Office for Democratic Institutions and Human Rights

Activities

Trial monitoring

(L-r) Alex Conte, Representative to the UN for the International Commission of Jurists; Benjamin Moreau, Chief of ODIHR’s Rule of Law Unit; Maria Alcidi, ODIHR Rule of Law Officer, and Pipina Katsaris, lawyer specialized in international and criminal law, present ODIHR’s new trial monitoring tools during the Human Dimension Implementation Meeting, Warsaw, 26 September 2012. (OSCE/Shiv Sharma)
(L-r) Alex Conte, Representative to the UN for the International Commission of Jurists; Benjamin Moreau, Chief of ODIHR’s Rule of Law Unit; Maria Alcidi, ODIHR Rule of Law Officer, and Pipina Katsaris, lawyer specialized in international and criminal law, present ODIHR’s new trial monitoring tools during the Human Dimension Implementation Meeting, Warsaw, 26 September 2012. (OSCE/Shiv Sharma)
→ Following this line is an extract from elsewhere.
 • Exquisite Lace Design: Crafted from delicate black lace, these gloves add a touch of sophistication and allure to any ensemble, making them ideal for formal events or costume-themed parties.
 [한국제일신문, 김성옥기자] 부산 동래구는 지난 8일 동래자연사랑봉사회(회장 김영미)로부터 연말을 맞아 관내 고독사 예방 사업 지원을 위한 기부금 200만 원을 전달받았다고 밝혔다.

ODIHR conducts trial-monitoring activities in an effort to assist participating States in developing policies and reforms that enhance respect for the rule of law and human rights. While these activities are aimed at having a long-term positive impact on the way justice systems function, monitoring trials can also have an immediate impact, as the presence of observers can encourage compliance with national and international fair-trial standards in an individual trial or series of cases and ultimately increase transparency and public confidence in the judiciary.
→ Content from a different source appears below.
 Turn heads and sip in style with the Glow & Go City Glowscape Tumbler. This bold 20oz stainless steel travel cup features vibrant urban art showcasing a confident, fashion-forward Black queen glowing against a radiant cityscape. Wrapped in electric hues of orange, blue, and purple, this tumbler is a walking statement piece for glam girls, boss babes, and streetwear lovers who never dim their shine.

An example is ODIHR's monitoring of trials stemming from the violence that followed the March 2008 presidential election in Armenia. In the final report on the project, ODIHR outlined a number of shortcomings in how the legal system handled the cases and also offered recommendations to assist the Armenian authorities in their efforts to improve the administration of criminal justice in the country. This formed the basis for a number of follow-up activities ODIHR is carrying out with the Armenian authorities. 

In addition to carrying out its own trial-monitoring activities, ODIHR also plays an important role in supporting similar activities conducted by OSCE field operations. For this purpose, ODIHR facilitates annual meetings on trial monitoring for all OSCE field operations carrying out programmes that monitor trials or legal systems in general. ODIHR used the experiences shared at these meetings to draft a reference manual for trial-monitoring practitioners.

To ensure that the knowledge and experience gained over recent years is available to future trial-monitoring programmes, ODIHR is gathering, storing, and sharing knowledge about how to monitor trials, and developing an information- and knowledge-management system and a legal database. These tools are meant to be utilized by trial monitors in their day-to-day work. They will also facilitate ODIHR’s training of partner organizations in the area of trial monitoring and thus ensure sustainability of related programmes.

The Office is expanding its traditional scope of monitoring from criminal proceedings to administrative justice, as administrative courts emerge in many new democracies and OSCE field operations start monitoring administrative proceedings. Work has begun on new guidelines for monitoring administrative justice.